Daí a necessidade de o educador, consciente de seu papel de interventor, e
responsável pela mediação da informação, buscar estruturar o ensino de modo que
os alunos possam construir adequadamente os conhecimentos a partir de suas
habilidades mentais. De acordo com Moran:
Aprendemos melhor quando vivenciamos, experimentamos, sentimos. Aprendemos quando relacionamos, estabelecemos vínculos, laços, entre o que estava solto, caótico, disperso, integrando-o em um novo contexto, dando-lhe significado, encontrando um novo sentido (MORAN, 2012, p.23).

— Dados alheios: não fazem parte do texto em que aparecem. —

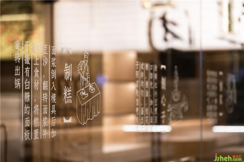 黃天源作為2009年江蘇省首批“非物質(zhì)文化遺產(chǎn)”傳統(tǒng)糕團(tuán)制作技藝的品牌,理應(yīng)在其空間場域來傳承其制糕工藝?!胺沁z展示區(qū)”的玻璃面上,一道道制糕工藝,躍然于空間,讓其看不見的工藝得以重現(xiàn)傳承。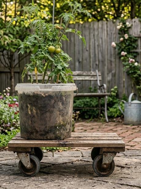 You can simply place your buckets or pots on plant trolleys or attach wheels underneath sturdy containers.

Assim sendo, discutir, estudar e investigar o uso de materiais manipuláveis
como uma forma de registro de representação, não única, mas relevante, é
colaborar para que as representações preencham funções cognitivas que auxiliem
na compreensão dos entes matemáticos.
Duval apresenta contribuições para o ensino da matemática, pois aponta a
restrição de se usar um único registro para representar um mesmo objeto
matemático e colabora no embasamento teórico deste artigo, pois afirma que os
materiais manipuláveis possibilitam o desenvolvimento geral das capacidades de
raciocínio, de análise e de visualização.

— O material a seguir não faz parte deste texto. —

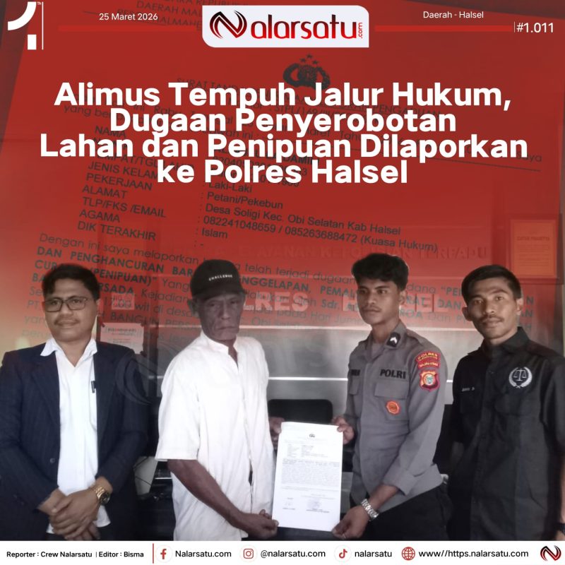 Halmahera Selatan,Nalarsatu.com – Kuasa hukum Sarwin Hi. Hakim, S.H dari BJS Law Firm resmi melaporkan dugaan tindak pidana ke Polres Halmahera Selatan dengan nomor STPL/169/III/2026/SPKT pada Rabu, 25 Maret 2026. Laporan tersebut diajukan atas nama kliennya, Alimusu La Damili, terkait dugaan pengrusakan, penghancuran barang, penggelapan, pemalsuan surat, serta perbuatan curang atau penipuan.

Concomitantemente, a intenção deste trabalho também potencializa a
formação continuada de professores, disseminando experiências docentes que
repercutam na superação do fracasso escolar.
2.1 A Formação Continuada de Professores como Ação Propulsora de
Reflexão e Mudança
A discussão em torno da formação do professor tem se mostrado impactante
na relação de ensino e aprendizagem. Diversas pesquisas indicam que a
(re)significação da prática docente é uma necessidade imposta pelas mudanças de
paradigmas atuais, na busca de educação de qualidade.
É ingenuo pensar que, ao terminar a graduação, o professor está pronto e
não precisará mais se aperfeiçoar para atuar profissionalmente. Estudos de Nóvoa
(1995), Schön (2000), entre outros, mostram que as concepções associadas à
Formação de Professores seguem duas vertentes: a dos processos reflexivos, que
permitem uma atuação ativa e o torna capaz de refletir na ação, sobre a ação e
sobre a reflexão na ação; e a chamada de genérica, que ainda está arraigada no
meio dos educadores, que agem passivamente seguindo o modelo de formação já
construído.
As atuais políticas educacionais veem mostrando preocupação com este fato.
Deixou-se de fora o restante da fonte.